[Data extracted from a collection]
%%

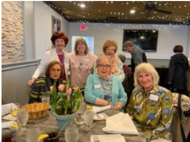
Scenes from our Spring Luncheon at Jackson's!

180 Little Neck Rd, Centerport, NY 11721 (631) 854-5579
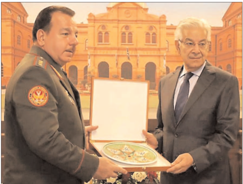
RAWALPINDI: Tajikistan Defence Minister, Sherali Mirzo presenting a souvenir to Defence Minister, Khwaja Muhammad Asif.

Asif Ali Zardari paid rich tributes to those who sacrificed their lives for the restoration of the 1973 Constitution and democracy. "Red salute to those who endured executions, floggings, imprisonment and torture for the restoration of democracy", President Zardari said in his message.
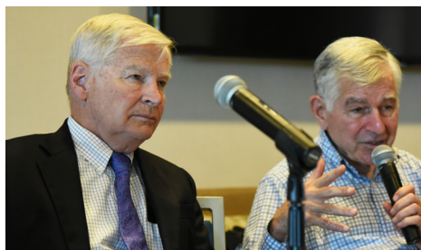
William Bulger and Michael Dukakis visited with political science classes in October.

Former Red Sox slugger David Ortiz spoke about the importance of education at UMass Boston's annual Freshman Investiture Ceremony, congratulating the Class of 2021 on beginning their college careers and encouraging them to continue working hard. Ortiz, a 10-time All-Star who was instrumental in helping the Red Sox win three World Series titles, spent over an hour answering students' questions about his baseball career, his path to success, and his foundation, the David Ortiz Children's Fund. He also posed for students' selfies, and signed dozens of autographs.
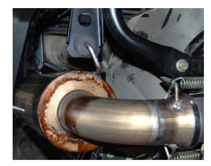
5. Install the factory gasket onto the original header.

6. Install Item #A slide the hangers in factory mounts from the passenger side until lined up with the header. Once you have it lined up re install the factory springs.
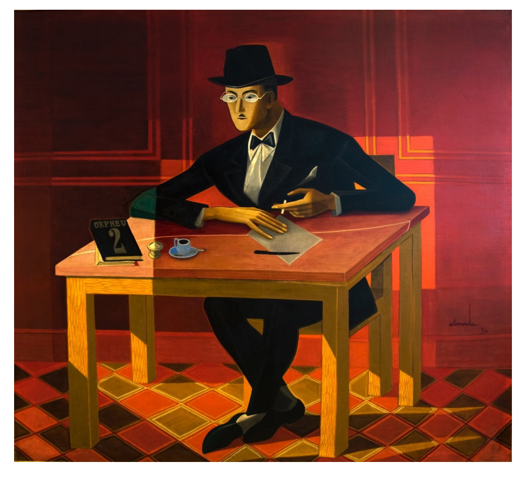
Figure 5: José de Almada Negreiros, Retrato de Fernando Pessoa [ Portrait of Fernando Pessoa ], 1954, oil on canvas, 201x201 cm, Colecção do Museu de Lisboa/Câmara Municipal de Lisboa – EGEAC (nº de inventário MC.PIN.410), on loan to the Casa Fernando Pessoa, © 2020 – Herdeiros de Almada Negreiros/SPA (Portugal).
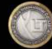
Diamond line edge
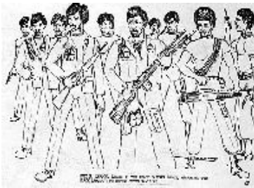
Click for full size picture. (9K)
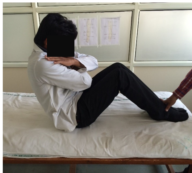
Figure 2. Showing trunk flexor endurance test

examiner. Trunk flexor endurance test is time based test, failure occurs when trunk falls below 60° (Figure 2) [8, 10].
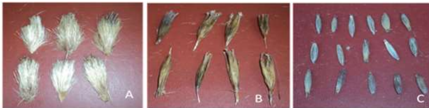
Figure 1. (A) The control B) partial manual removal of pappus and C) total manual removal of pappus of E. giganteus seeds.
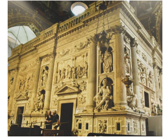
Holy House of Mary
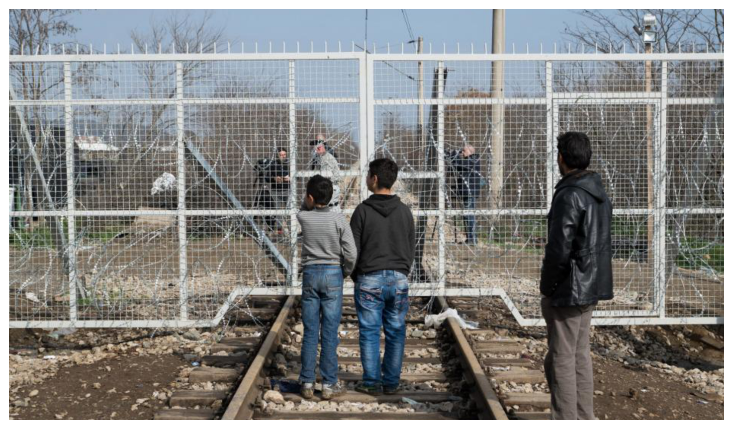
Gate between N. Macedonia and Greece

A <u>BVMN report</u> from September 2020, recounts how the officers opened the door of the vehicle that had brought them to the border, pepper sprayed the respondent in the face and pushed him back through the gate to Greece. Another <u>report</u> from August 2020, describes how officers struck the group-members several times with their batons, before using the same gated location to eject the group. Upon return to Greece some people remain in the border area, highlighted by a <u>InfoMigrants report</u> in July describing the revolving transit population around Idomeni. Many however make the journey south to Thessaloniki, following the railway line either on foot or by boarding trains. This cycle in transit and pushbacks has become a permanent fixture of the Greek-North Macedonian border, symbolised by the gate through which groups are forced from on territory to another.
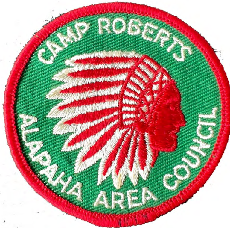
The only know patch from Camp Roberts

Camp Roberts was the Alapaha Area Council camp prior to the opening of Camp Patten in the mid-1960s.
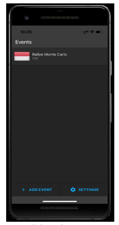
Click on the event.

Once the application is installed on your device and the entry code is entered you can see the event in your home screen.
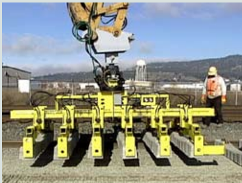
Efficient installation using hydraulic clamp
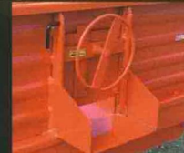
PGD: Central unloading hatch on rear panel
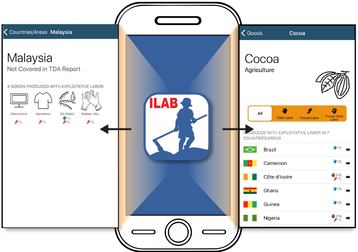
Figure 5: Department of Labor’s “Sweat and Toil: Child Labor, Forced Labor, and Human Trafficking Around the World” Mobile Application

Source: GAO based on Department of Labor’s Bureau of International Labor Affairs (ILAB) information. | GAO-22-105056
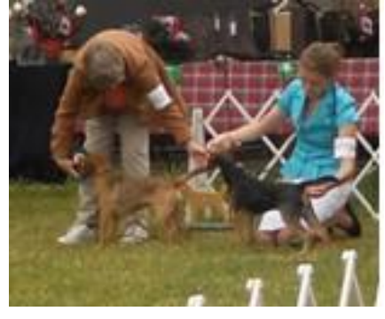
and two Senior Puppy Females
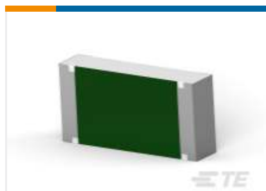
TE Part #8-2176398-2 3502 8R2 5%
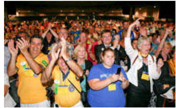
The crowd loved 'em!
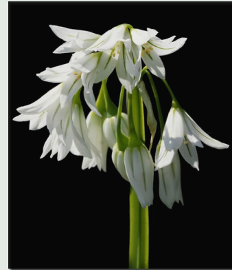
Three-cornered garlic flowers

Flowers appear from April to June and hang in clusters similar to bluebells with six petals and flowers from April to June.
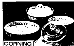
39.50 Set Oven-, Microwave- And Dishwasher Safe French Bisque Corningware Set of 1½-, 2½-qt. covered casseroles, 10" pie plate

%%

__Exercise prompt__
From the first line of the records through the line with "RAWALPINDI: Tajikistan Defence", reproduce each line exactly and leave the pictures out.

__Solution to this problem__
Scenes from our Spring Luncheon at Jackson's!

180 Little Neck Rd, Centerport, NY 11721 (631) 854-5579
RAWALPINDI: Tajikistan Defence Minister, Sherali Mirzo presenting a souvenir to Defence Minister, Khwaja Muhammad Asif.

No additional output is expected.